Dans ce cas, le discours présidentiel reflète-t-il la réalité ? De toute évidence, si le rappel des deux dates historiques, en l’occurrence le 20 août 1955 et le 2O août 1956, peut-être partagé, il n’en est pas de même de la description faite de la gestion postindépendance. Bien que le régime invoque sans vergogne l’esprit de novembre 1954, il n’en reste pas moins que la mainmise sur les institutions est en contradiction avec cet esprit.

Car, si celui-ci avait pour but de briser les chaines de sujétion, les dirigeants successifs n’ont rien fait pour que ce rêve devienne une réalité palpable. Dans son ouvrage mythique, intitulé « les damnés de la terre », Frantz Fanon explique les blocages des pays décolonisés en expliquant que le chef indigène « entend se substituer » à l’ancien maître.

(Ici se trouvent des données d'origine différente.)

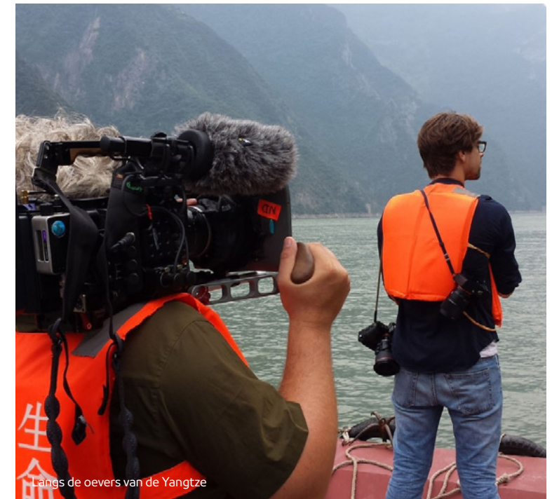
Langs de oevers van de Yangtze

Voor kinderen tussen 6 en 12 jaar biedt de NPO op Zapp dagelijks een sterk Nederlands aanbod aan kinderprogramma's, zoals Het Klokhuis (NTR) en het Jeugdjournaal (NOS). Ook zijn er speciaal voor kinderen gemaakte documentaires, series en films. Voor de jongere kinderen van twee tot en met vijf jaar is er de veilige omgeving van Zappelin, waar kinderen met programma's als Kindertijd (KRO-NCRV) en Het Zandkasteel (NTR) spelenderwijs kennis maken met de wereld om hen heen.

On comprend maintenant pourquoi des dirigeants algériens investissent leur argent –en l’absence d’une justice transparente, toutes les supputations sur la provenance de l’argent sont possibles –en métropole. Quant au citoyen lambda, il est exposé à toutes les restrictions dès que les recettes pétrolières ne sont en mesure de financer les menues distributions sociales.

Quoi qu’il en soit, bien que la libération du territoire soit une réalité incontestable, celle de l’individu reste à concrétiser, et ce, malgré le discours d’autosatisfaction du chef de l’État. Et si nous devons méditer « sur les facteurs de force de la révolution » et l’état du pays plus d’un demi-siècle après l’indépendance, il va de soi que les promesses de novembre sont restées au stade empirique.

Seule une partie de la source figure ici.